1.Predictions on species richness and incidence of species are made using data for three scales of mapping from the Greater Manchester butterfly atlas; for the whole of the conurbation (2 km×2 km scale) and for two sample areas centred on the Mersey Valley (1 km×1 km scale; 1 ha scale). Predictions are based on data for recording effort, altitude, biotopes, host-plants and nectar resources.
2.Data for Greater Manchester indicate that substantial shortfalls may occur in recording butterfly species for atlases despite the fact that butterflies are generally easily identified and well supported with recorders. Shortfalls tend to be larger for species with fewer records, indicating that some species may be more easily overlooked than others.

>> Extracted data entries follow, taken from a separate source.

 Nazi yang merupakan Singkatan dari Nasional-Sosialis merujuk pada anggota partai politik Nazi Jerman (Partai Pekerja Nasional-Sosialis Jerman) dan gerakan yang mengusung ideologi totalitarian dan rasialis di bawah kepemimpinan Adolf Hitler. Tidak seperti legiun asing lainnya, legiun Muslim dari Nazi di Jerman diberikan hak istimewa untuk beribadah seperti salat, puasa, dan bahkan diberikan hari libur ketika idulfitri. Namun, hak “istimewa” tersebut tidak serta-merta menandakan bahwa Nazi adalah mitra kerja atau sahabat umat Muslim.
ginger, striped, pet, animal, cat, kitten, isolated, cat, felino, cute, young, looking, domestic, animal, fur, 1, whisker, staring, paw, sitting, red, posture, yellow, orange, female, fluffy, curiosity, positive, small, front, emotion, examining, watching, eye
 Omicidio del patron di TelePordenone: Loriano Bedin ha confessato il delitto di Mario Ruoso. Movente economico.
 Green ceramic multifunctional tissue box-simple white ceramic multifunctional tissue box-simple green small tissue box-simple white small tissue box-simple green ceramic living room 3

3.The results demonstrate that targeting squares for re-survey is necessary and feasible. The predictions have other valuable research applications, the most important of which is being able to assess the accuracy of distribution maps, to correct them, and to make projections of distribution changes.

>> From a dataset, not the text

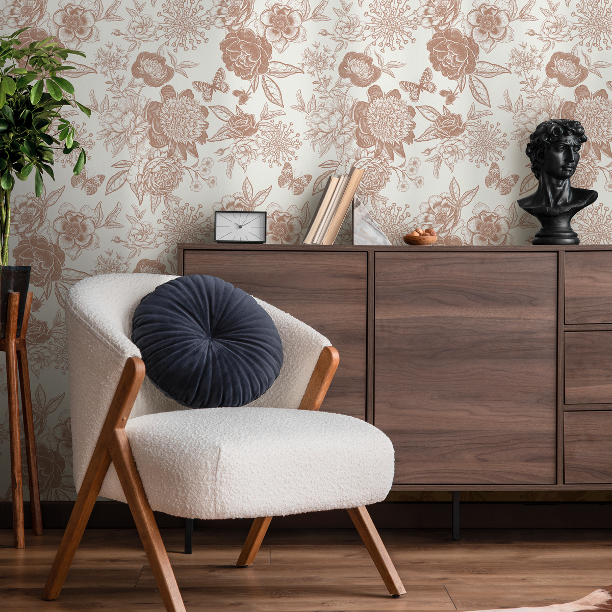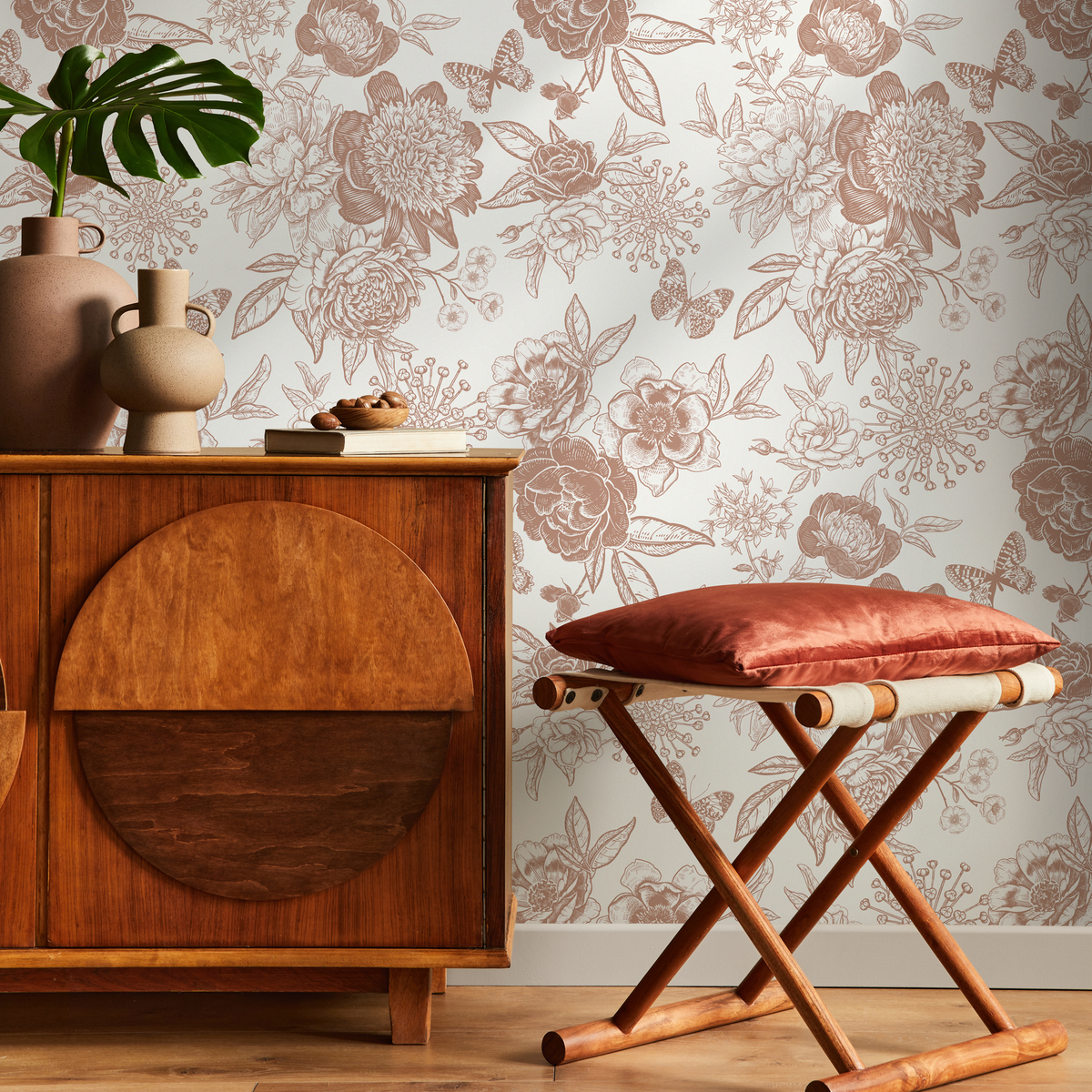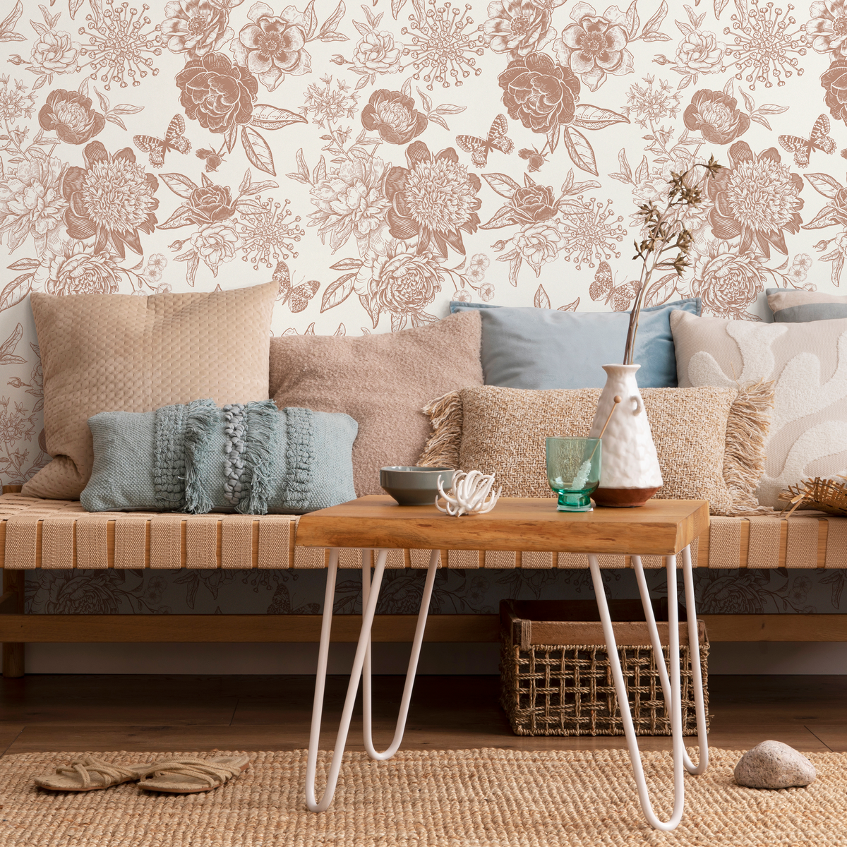 Papel pintado de rosas bohemias, papel pintado de peonías bohemias, autoadhesivo, reposicionable y minimalista, color naranja quemado - ZACG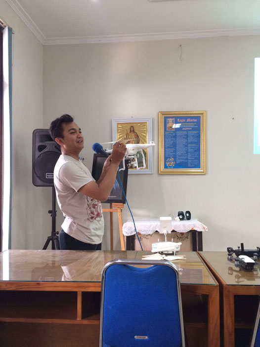 Lalu bapak Agustinus Suseno selaku ketua KOMSOS Kevikepan DIY memberikan sambutan. Harapan pak Seno agar semua peserta pertemuan pada siang hari ini bisa menikmati pelatihan. Memanfaatkan kemajuan dunia IT untuk menjadi pewarta di tengah-tengah Gereja Katolik. Yang paling penting, buang jauh ketakutan kalau-kalau drone rusak oleh peserta, anak muda harus berani berkarya.

4.Predictions may be enhanced by improvements to mapping in three ways: (i) Collecting data on recording effort. Variation in recording effort typically accounts for differences in species richness and incidence of species more than any other variable; (ii) Collecting data on biotopes and specific resources. The present results are promising and demonstrate that the collection of environmental data linked to a suitable sampling frame could facilitate knowledge of the distribution of species over extensive areas that remain under-recorded; and (iii) Distinguishing between breeding individuals and vagrants. Vagrancy is a problem associated both with species and scale. Although species vary substantially in their capacity to migrate beyond their habitats, the effect of vagrancy on distribution maps becomes an increasingly large problem as the grain of mapping (size of recording units) decreases. It is suggested that over-recording can be a problem, particularly when mapping is fine-grained.